In order to improve the utilization rate of the ultra-lean vanadium-titanium magnetite, mineral enterprises can also carry out mineral separation on the iron tailings of the ultra-lean vanadium-titanium magnetite so as to obtain phosphate concentrate.
In the prior art, the mining process for obtaining phosphate concentrate by using the iron tailings of ultra-lean vanadium titano-magnetite for beneficiation comprises the following steps: the raw ore is subjected to primary ore grinding and then rough concentration, and the rough concentrate is subjected to two times of fine concentration to obtain phosphate concentrate (as shown in figure 2).

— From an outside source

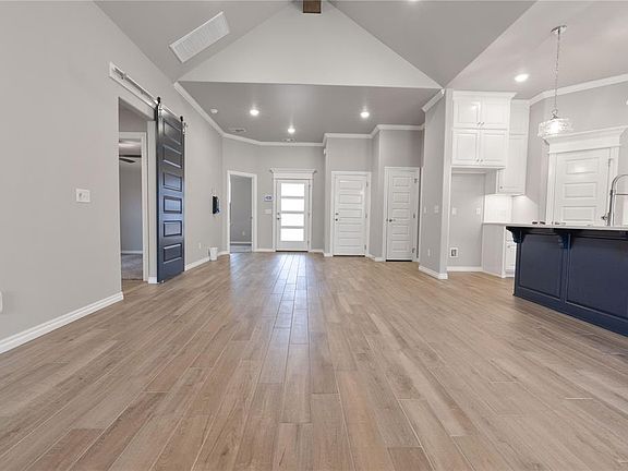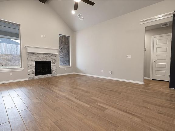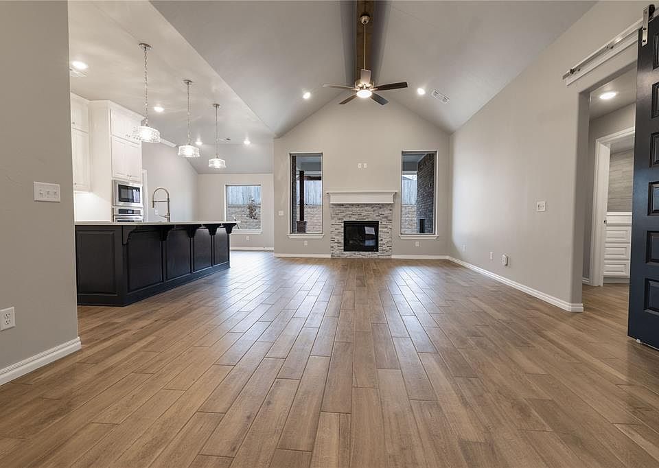 This Sage floor plan features 2,105 Sq Ft of total living space, which includes 1,850 Sq Ft of indoor living space & 255 Sq Ft of outdoor living space. This outstanding home offers 4 bedrooms, 2 full baths, 2 covered patios, a utility room, & a 3-car garage with a storm shelter installed. Because safety isn’t an option, Homes by Taber includes a roomy storm shelter in every home. The beautiful living room presents a beautiful cathedral ceiling, large windows, wood-look tile, a center stacked stone surround gas fireplace, a ceiling fan, Cat6 wiring, & a barndoor. The kitchen supports stainless steel appliances, 3 CM countertops, stunning pendant lighting, a corner pantry, custom-built cabinets to the ceiling, more wood-look tile, & a center island. The primary suite welcomes a sloped ceiling detail, windows, a ceiling fan, & our cozy carpet finish. Prime bath has a dual sink vanity, a Jetta Whirlpool tub, a walk-in shower, a private toilet, & a HUGE walk-in closet. Outdoor living welcomes a wood-burning fireplace, a gas line, & a TV hookup for your flatscreen. Other amenities include our healthy home technology, a tankless water heater, a fresh air ventilation system, R-44 insulation, & so much more!

The recovery rate of the phosphate concentrate obtained by the prior art is 84.49%. In order to enable the ultra-lean vanadium titano-magnetite iron dressing tailings to obtain higher utilization rate, the invention develops a beneficiation method for improving the recovery rate, so as to obtain phosphate concentrate with higher recovery rate on the basis of not changing the grade of raw ore, thereby improving the utilization rate of the ultra-lean vanadium titano-magnetite iron dressing tailings.
Disclosure of Invention
The invention aims to provide a beneficiation method for improving the recovery rate, and the recovery rate of phosphate concentrate is effectively improved by improving the beneficiation process technology of the iron tailings of ultra-lean vanadium titano-magnetite.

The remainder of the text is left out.